Home Sports A big task for Dyson as West Indies coach

A big task for Dyson as West Indies coach

By IANS

Melbourne : Former Australian batsman John Dyson will leave Sydney Monday to begin the task of coaching the West Indies.

The West Indies side has won three of its past 40 Tests and victories have come against Zimbabwe, Bangladesh and a Pakistan side missing five leading players.

As gruff as a nightclub bouncer, and every bit as uncompromising, Dyson, a former Sri Lanka coach, is not sugar-coating the task of coaching a team ranked a distant eighth in both Test and one-day cricket.

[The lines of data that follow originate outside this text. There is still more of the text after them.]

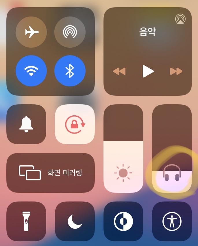 이렇게 제어센터에 이어폰 모양이 나와야 합니다.
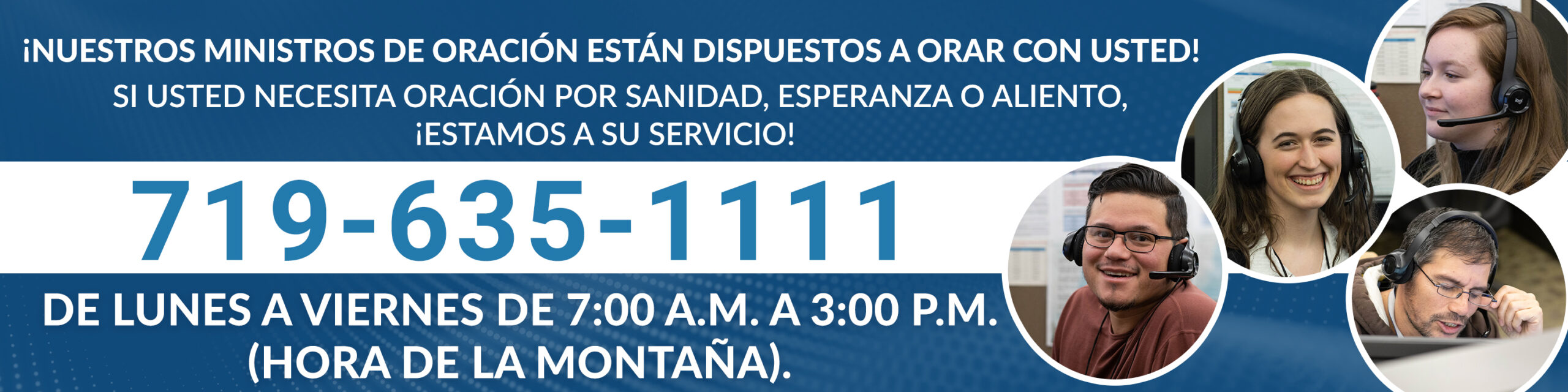 Por favor, llame a nuestra Línea de Ayuda al 719-635-1111 para pedir oración personal y para recibir algunos productos gratis que tenemos para aquellos que han orado para recibir a Jesús como Su Salvador y/o para ser llenos del Espíritu Santo.
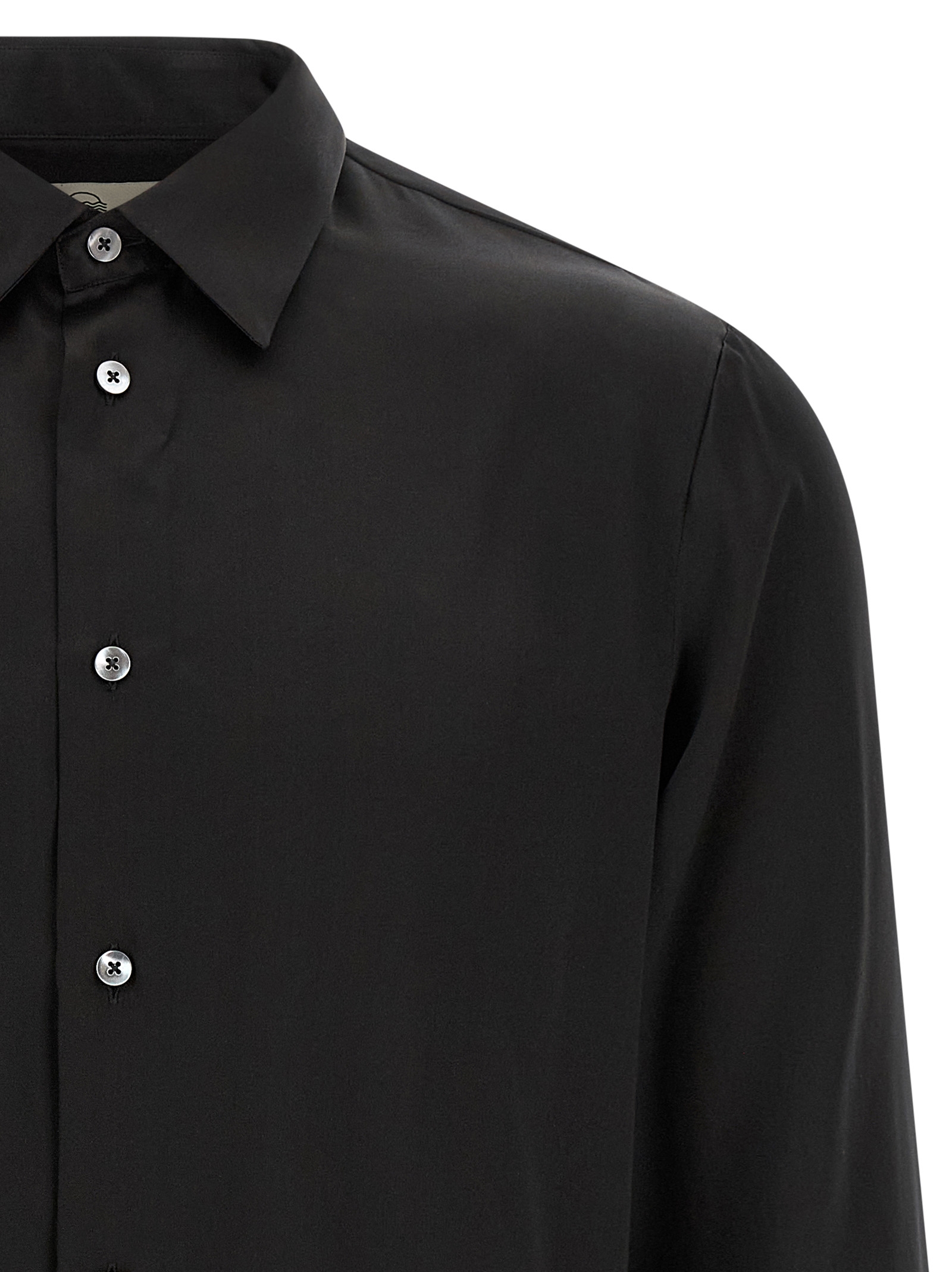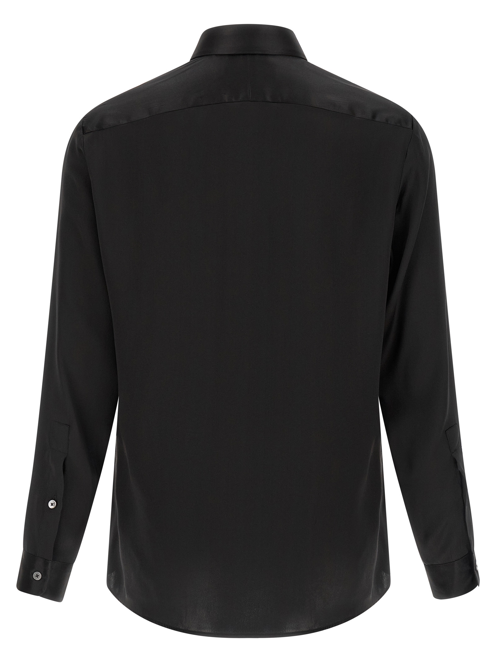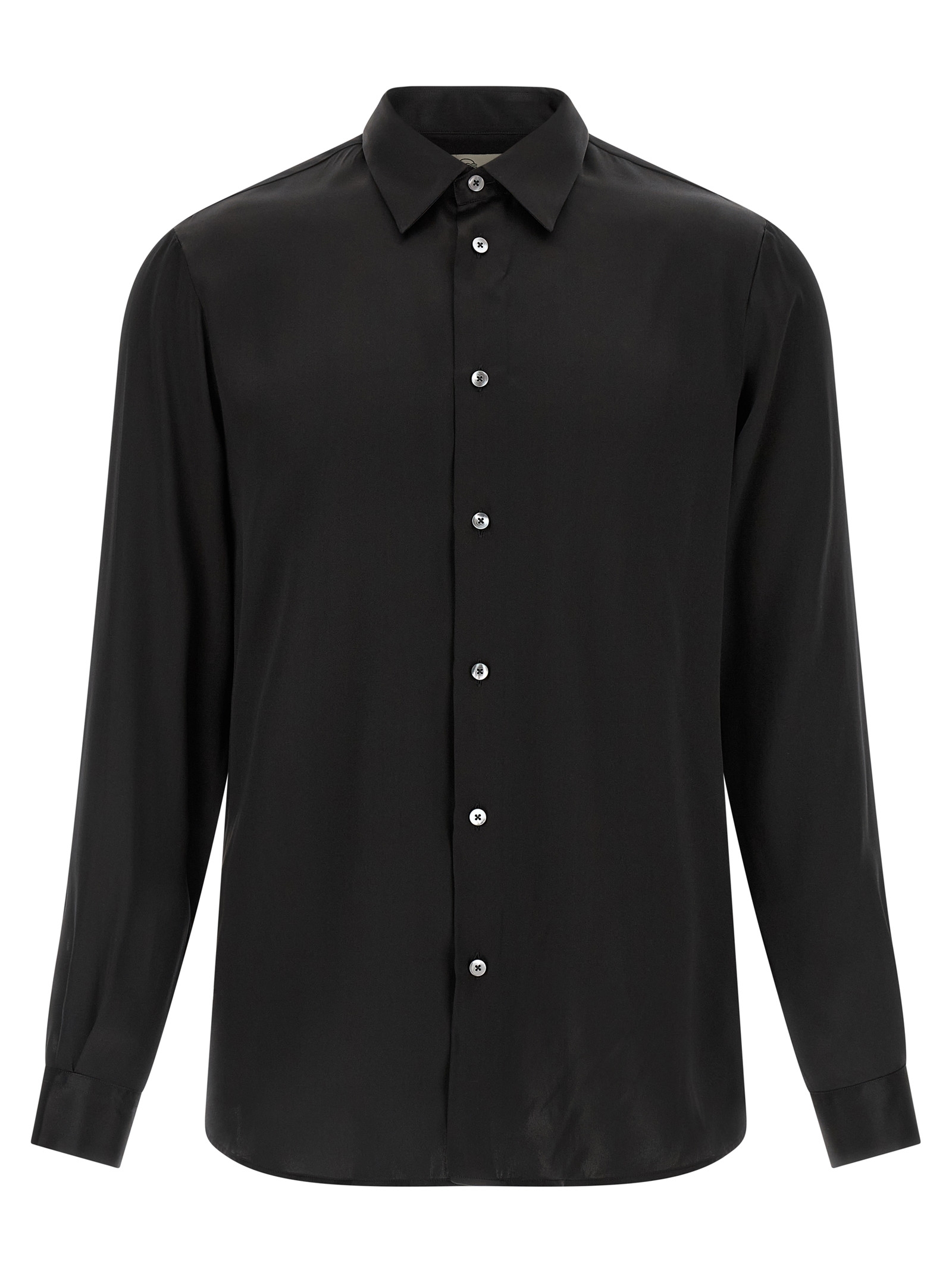 Shiny silk shirt with pointed collar, front mother-of-pearl button closure, long cuffed sleeves, slightly rounded hem.
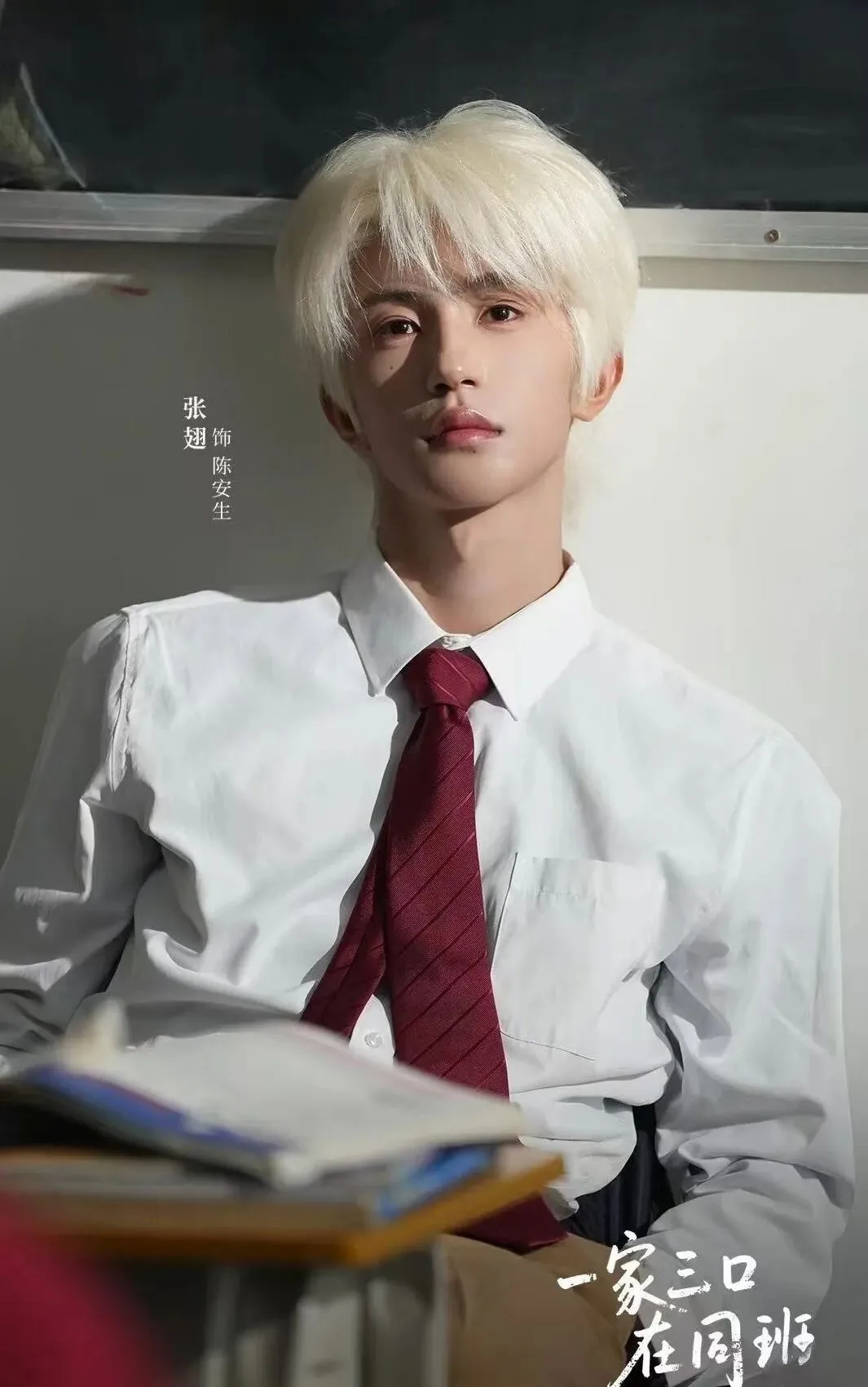 张翅在《一家三口在同班》里的白发校草形象也很出圈。穿着校服搭配白发,少年感很足,角色看着有点拽,其实内心很软,表演起来很自然,看剧的时候很容易被带入进去,笑点和日常感都挺足的。TOP 4 柯淳《为你钟情》

“Over the last 10 years, by anyone’s standards, the West Indies have been playing some pretty average cricket. When I was coach of Sri Lanka I followed their performances closely, and I felt it was a squad underachieving,” Dyson was quoted as saying by The Age here Tuesday.

“Certainly, they should be higher up the International Cricket Council (ICC) table than they are now. At the moment, you would have to say that there is only one player in that squad who is playing up to their potential, and that is (Shivnarine) Chanderpaul.

“With the other guys, you look at them and think, ‘He’s a better player than what he’s showing on the park’. I need to get there, sit down with the players and find out what is wrong,” he said.

It was against the West Indies that Dyson achieved his loftiest perch as a player, scoring a career-best 127 not out and snaffling the “catch of the century” of Sylvester Clarke in the Sydney Test in 1982.

Now, 25 years later, he hopes the Windies will provide him with the greatest triumph of his coaching career.

“I’m not a big believer in putting the broom through a place upon arrival. And I don’t expect people to compare this West Indies squad with those of the ’70s and ’80s. What they did for international cricket was to introduce a form of professionalism and dedication never seen before,” he said.